The unidentified nude surfer at Snapper Rocks.
NUDE surfing has never achieved great popularity for two reasons.
Firstly, those pesky public decency laws ruin everyone's fun but, thankfully, keep us from going blind in the face of birthday-suited dinosaurs of the ocean.
And secondly, surfboard wax has a tendency to accumulate in uncomfortable areas.
Yet it is not always a choice as shown by this unidentified rider of Snapper Rocks' pushing 10ft Christmas Day cyclone swells.
Tweed photographer and beginner surfer Mark Humphry said he could relate to the subject he assumed was a Red Bull Big Wave Tow-in team member.
"There are times when my board shorts almost fall off," Mr Humphry said.
"But he was getting towed in, and it didn't seem like anyone else had noticed.
"I just absolutely started crapping myself laughing.
"I was standing on a tree because the tide was up over the road, and I don't think anyone else would have noticed because of the swell's size."
The swells which peaked at 8.5ft yesterday, according to coastalwatch.com.au, were indeed an immodest Christmas present for big wave revellers.
For those of you who can keep your pants on in the meantime wave size will drop by more than one foot per day until reaching a friendlier 3 to 4ft on Wednesday.
Mr Humphry said he had only started to get the "one with nature" feeling surfing offered.
And he was not sure if that was what our buttock-baring-board-man and other big wave lovers were feeling or if it was something closer to pure fear.
"I think he was just stoked to be out there in these massive 10ft waves, and was not going to go in just because he'd lost his pants.
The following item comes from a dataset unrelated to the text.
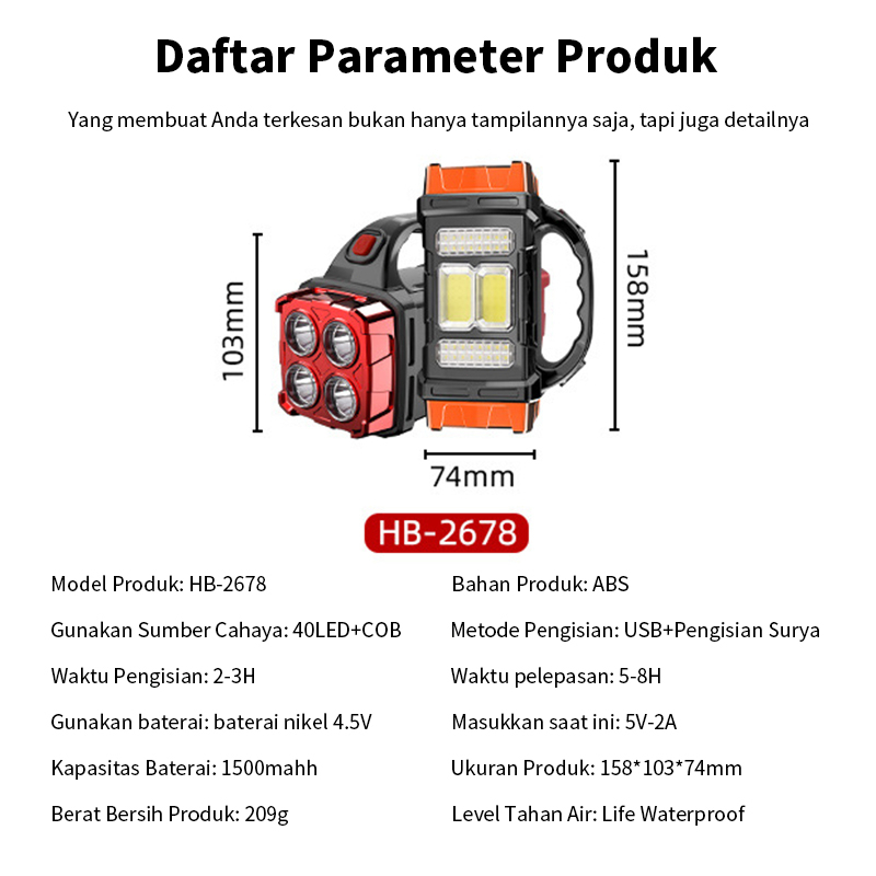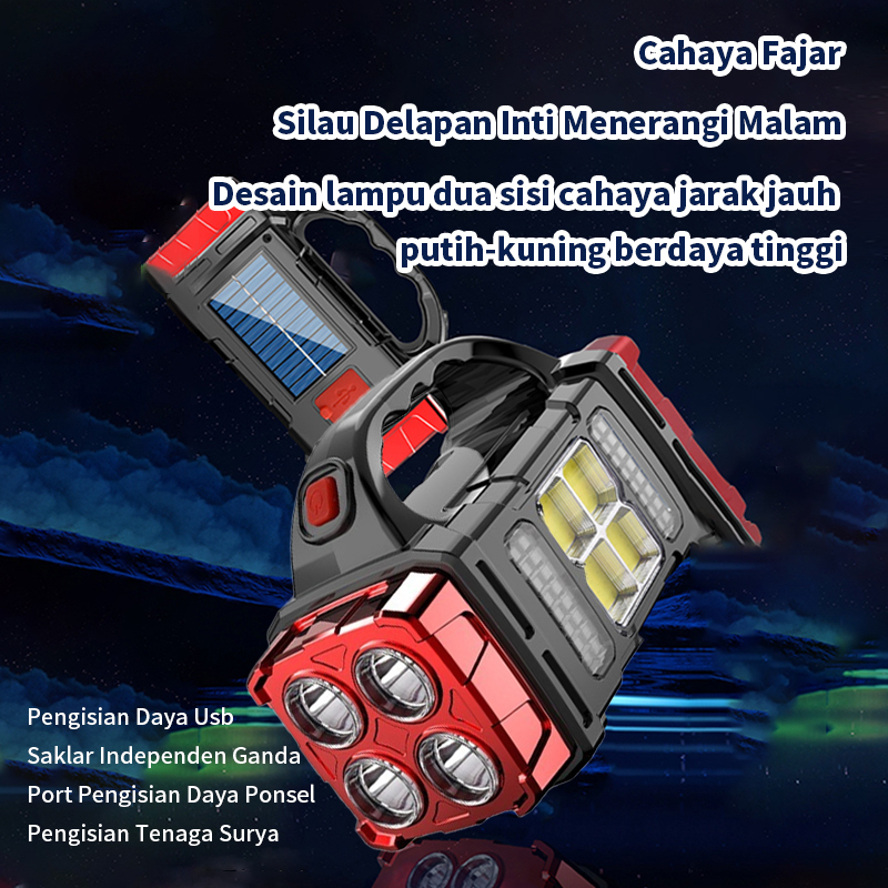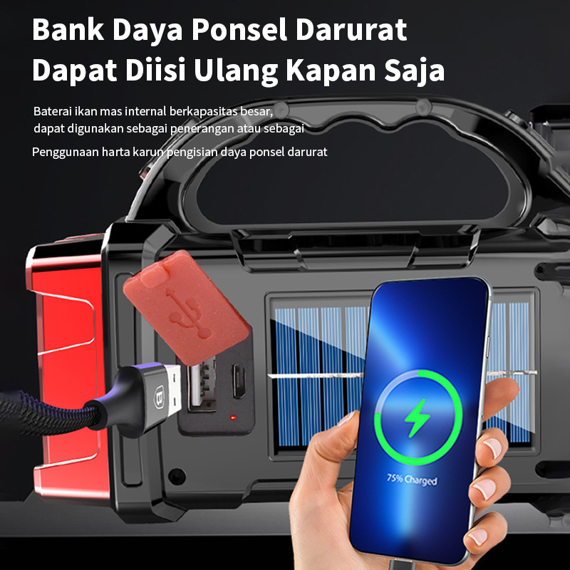 Senter Surya Super Terang Jarak Jauh Emergency USB Recharge Anti Air Punya Daya
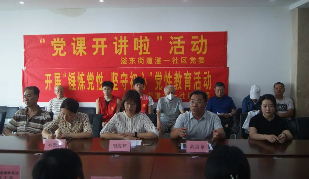 “我志愿加入中國共產黨,擁護黨的綱領,……”,滏東街道人大主任高彥章同志帶領全體黨員重溫入黨誓詞。滏東街道人大主任高彥章、黨建辦主任胡海芹先后圍繞“不忘初心,堅定黨性”、“探析黨的精神之源——傳承弘揚偉大建黨精神”為主題進行黨課講解。

"I was photographing because the big swell was coming through and I wasn't going to miss some good people out there riding.
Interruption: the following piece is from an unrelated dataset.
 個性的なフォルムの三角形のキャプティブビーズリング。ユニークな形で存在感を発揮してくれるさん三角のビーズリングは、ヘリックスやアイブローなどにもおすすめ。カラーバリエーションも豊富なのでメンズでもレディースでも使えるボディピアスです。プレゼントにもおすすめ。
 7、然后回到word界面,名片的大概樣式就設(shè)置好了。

"I was thinking of getting back out there today," he said.
My Daily News surf reporter Andrew McKinnon said he had not seen such Christmas-Boxing Day swell since the 1960s and 1970s.
"In the early '60s we'd get these giant Boxing Day swells when I first learned to surf.
"1973 and '74 were the big cyclone years, but normally Christmas Day and Boxing Day get small swells.
"It's because this cyclone, instead of hitting land early went out to sea, and created long-lasting swells.
"Now it's heading down the coast and, as it heads away, the swell will gradually die off.
"The biggest and best will be seen today, because the weather is so good," Mr McKinnon said.